My mother, who is currently filming the movie Makunun’unu Maodzamoyo, was gutted since she had decided to take this opportunity to concentrate on the film with the understanding that there are people looking after him in rehab and that he was in safe hands.
She had to stop filming and return to town to remove him from the rehab and bring him home.
Not more than four days had passed when Baba started walking again.
We thanked and praised God for this.
So when I told another uncle of mine what had happened at the rehab and how we took father back home, he immediately said something striking and interesting that I had never thought about.
He said that these institutions are foreign to us and as such they are not as effective when we apply them.
I thought how true, immediately my mind raced back to the UK and I thought of the many people there that have taken up mental health and are working in the old peoples’ homes.
I know a few that actually want to come back home, but they find themselves in a fix, if they come back what do they do?
While we do have psychiatric hospitals, and old peoples’ homes, they are not as many as they have in the West.
Is it that we have lesser people with mental illnesses?
Or lesser old people in need of assistance?
Not at all, I believe that the reason behind it is that the family still plays a vital role in the lives of each individual within the family structure.
Family worries about one another and looks out for each other, instead of putting our elders in old peoples’ homes we fend for them and take care of them.
Immediately I started reflecting on what he was saying, and I was reminded of an earlier article I wrote in The Patriot on Chenjerai Hove, how his health was deteriorating in a hospital in Oslo, but upon the arrival of the mother of his children he got better, even the doctors decided to stop giving him the medication he was on sighting that she was all the medication he needed to make him better since his situation was already irreversible and the medication they had put him on was not making his situation any better.

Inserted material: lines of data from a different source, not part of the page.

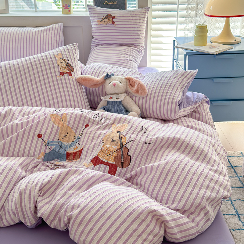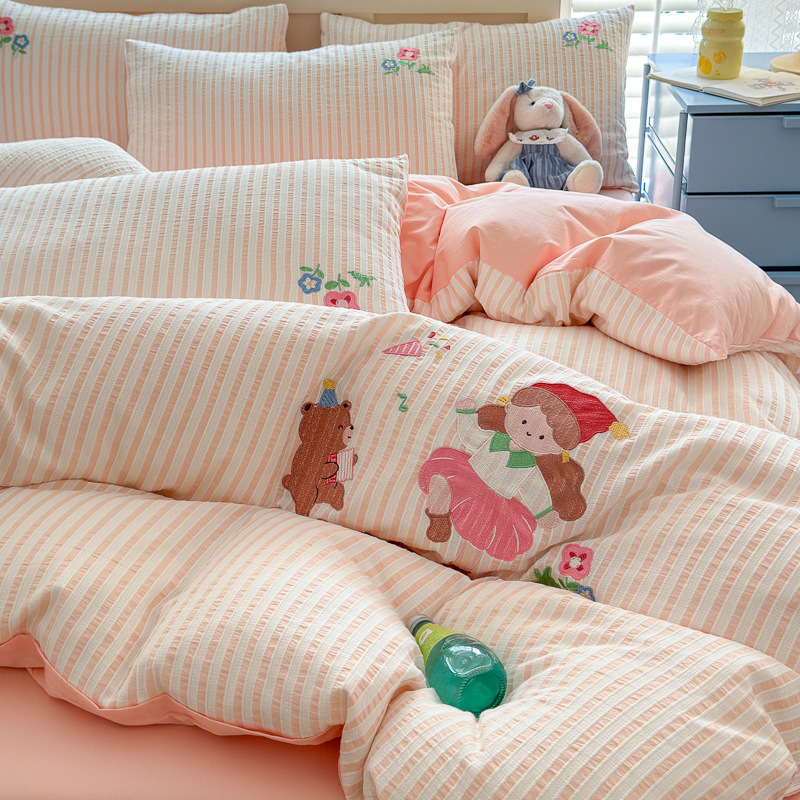귀여운 만화 100 면 세척 코튼 침대 4 피스 세트 인 스타일 코튼 자카드 퀼트 커버 침대 시트 자수 침대 시트
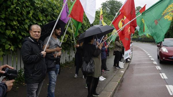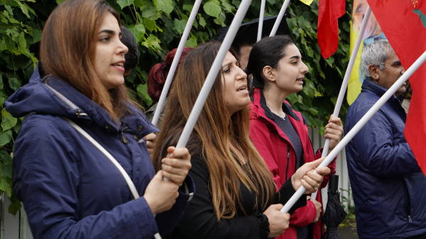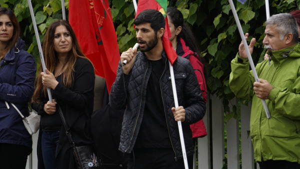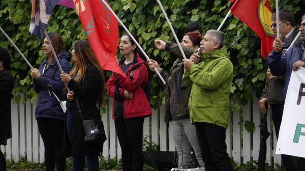 Türk büyükelçiliği önünde düzenlenen eylemde Öcalan’a özgürlük sloganları atıldı.
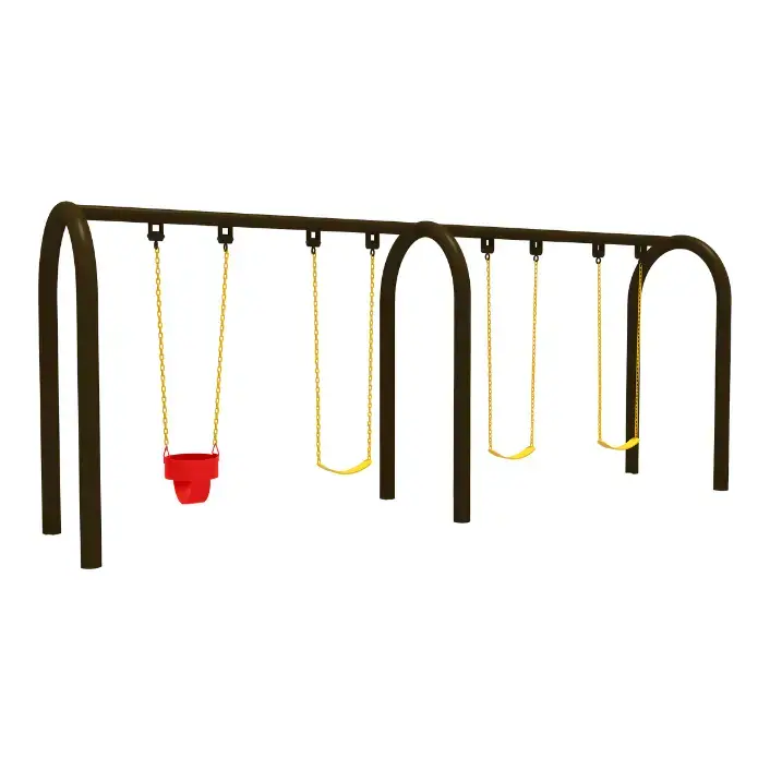 تصميم قوسي أنيق وآمن يضم أربعة مقاعد (منها مقعد مخصص للأطفال الصغار)، مثالي للحدائق والساحات الخارجية.

I know this may sound crazy to most of you, but it’s a question of whether you have ever sat down and really thought about it — when family becomes medicine and medicine fails.

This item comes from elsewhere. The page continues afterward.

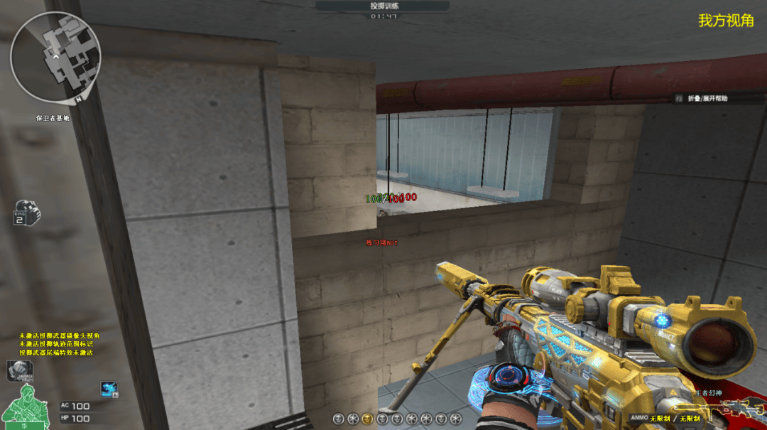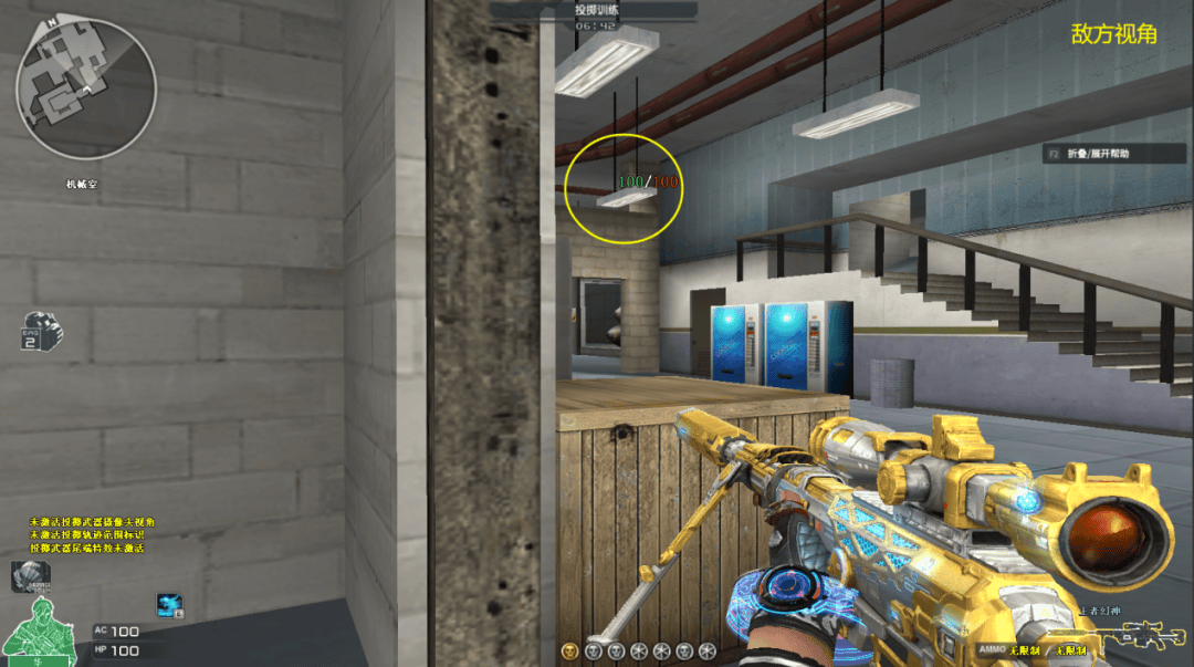 一般潜伏者狙击手进更衣室入口的时候都会先排一下B二楼,在确定二楼没人之后,便会直接闪身出来排黑屋或者B包点导弹后的位置,这个时候我们可以选用上图中这个位置。

Our ancestors had a longer life-span than us today, mostly because of what we now take into our bodies and feed our minds.
We now take measures to protect ourselves from illnesses, we are not even sure we will ever suffer from.
Let me explain further.
A couple of days ago as I was meditating on this particular topic, I decided to ask a certain lady colleague who also happens to be a single mother whether she ever got her children injected for a particular disease before the child ever fell sick from that particular disease.

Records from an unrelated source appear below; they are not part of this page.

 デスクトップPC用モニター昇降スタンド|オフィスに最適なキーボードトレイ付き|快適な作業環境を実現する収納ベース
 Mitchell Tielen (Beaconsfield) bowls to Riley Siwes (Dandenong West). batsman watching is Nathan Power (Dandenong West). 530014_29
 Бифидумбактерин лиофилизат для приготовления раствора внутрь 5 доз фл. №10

“Oh you mean have I ever got a child of mine vaccinated before?”
I stopped and smiled to myself, she had hit the nail to the head, vaccination, was the word and not injection.
“Yes, have you ever got your children vaccinated?”
“Yes against measles.”
I then asked her why she did this and she said, “Because I was told to do it.
“They said it was to protect my son from measles.”
I asked her if every child suffers from measles and if not then why would she subject her son to medication he doesn’t need.
She could not reply at first and then she went on to say, “What if he then gets the measles, they will say we told you.”
So we were dealing with ‘what ifs’.
What if he falls sick?
What if he doesn’t?
What if.
I felt that our minds are slowly being programmed to fear certain things that we never used to consider, and some might say it is because of the many foreign things, food, medicine etc that we now consume and know little about hence we depend on foreign knowledge.
We need to look back within ourselves, the answer is there and it is vital for the older generation to pass on as much information about the earth to the young ones so that we are not left open and vulnerable to other cultures, for them to come teach us how to treat ourselves when that information is there within the people.